"What is the difference between a Role and a ClusterRole in Kubernetes?"

"A Role is namespaced — it grants permissions to resources within a single namespace. A ClusterRole is cluster-scoped — it can grant permissions across all namespaces or to cluster-level resources (nodes, persistent volumes, namespaces themselves). A RoleBinding binds a Role or ClusterRole to a subject within a single namespace. A ClusterRoleBinding binds a ClusterRole to a subject across the entire cluster."
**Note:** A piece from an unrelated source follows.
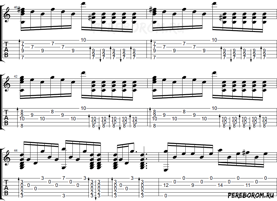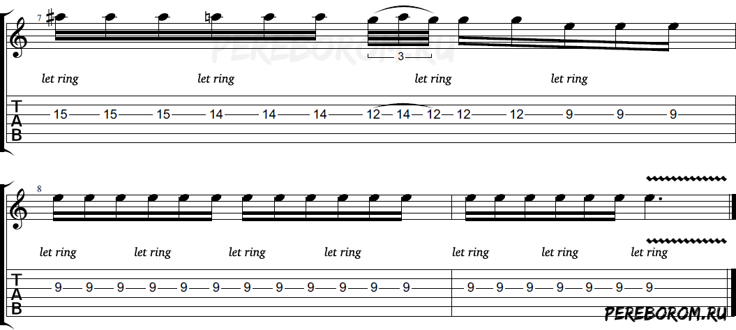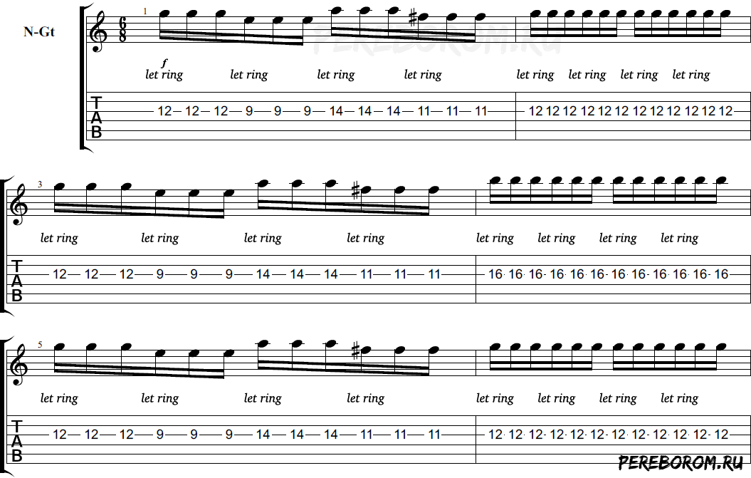 Интерес здесь представляет разве что седьмой такт, в середине которого потребуется сыграть 12-й лад, потом приемом хаммер-он зажать 14-й, и пул-оффом снова сыграть 12-й. Сделать это нужно быстро, и вам потребуется некоторая сноровка, чтобы исполнить этот момент правильно.

"What makes wildcard permissions in RBAC so dangerous?"

"A wildcard in a Kubernetes RBAC rule (using * for verbs, resources, or apiGroups) grants permission to all current and future resources or actions in that category. If a subject has verbs: ['*'] on resources: ['*'] in apiGroups: ['*'], they effectively have cluster-admin privileges even if not bound to the cluster-admin ClusterRole. This is particularly risky because new custom resources added to the cluster are automatically included in the wildcard scope."
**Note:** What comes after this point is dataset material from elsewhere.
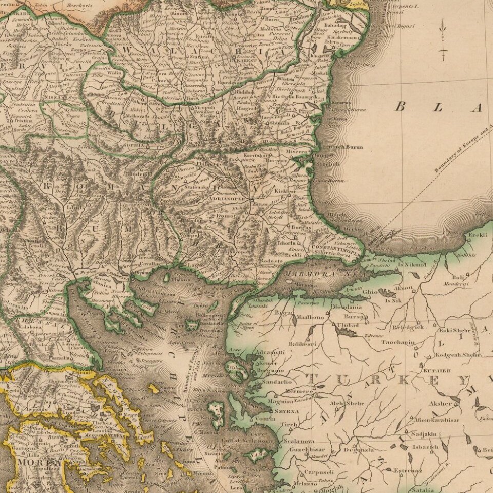 Striking and highly detailed map of Turkey, Greece, the Balkans, Cyprus and the Black Sea.

"How can the pods/exec permission lead to cluster compromise?"

"The pods/exec permission allows a subject to execute commands inside any running pod using kubectl exec. If an attacker gains this permission, they can execute commands in pods running with high-privilege service accounts — for example, monitoring agents, CI/CD runners, or control plane components. Once inside a privileged pod, they can read the pod's service account token, which may have broader cluster permissions, enabling lateral movement and privilege escalation."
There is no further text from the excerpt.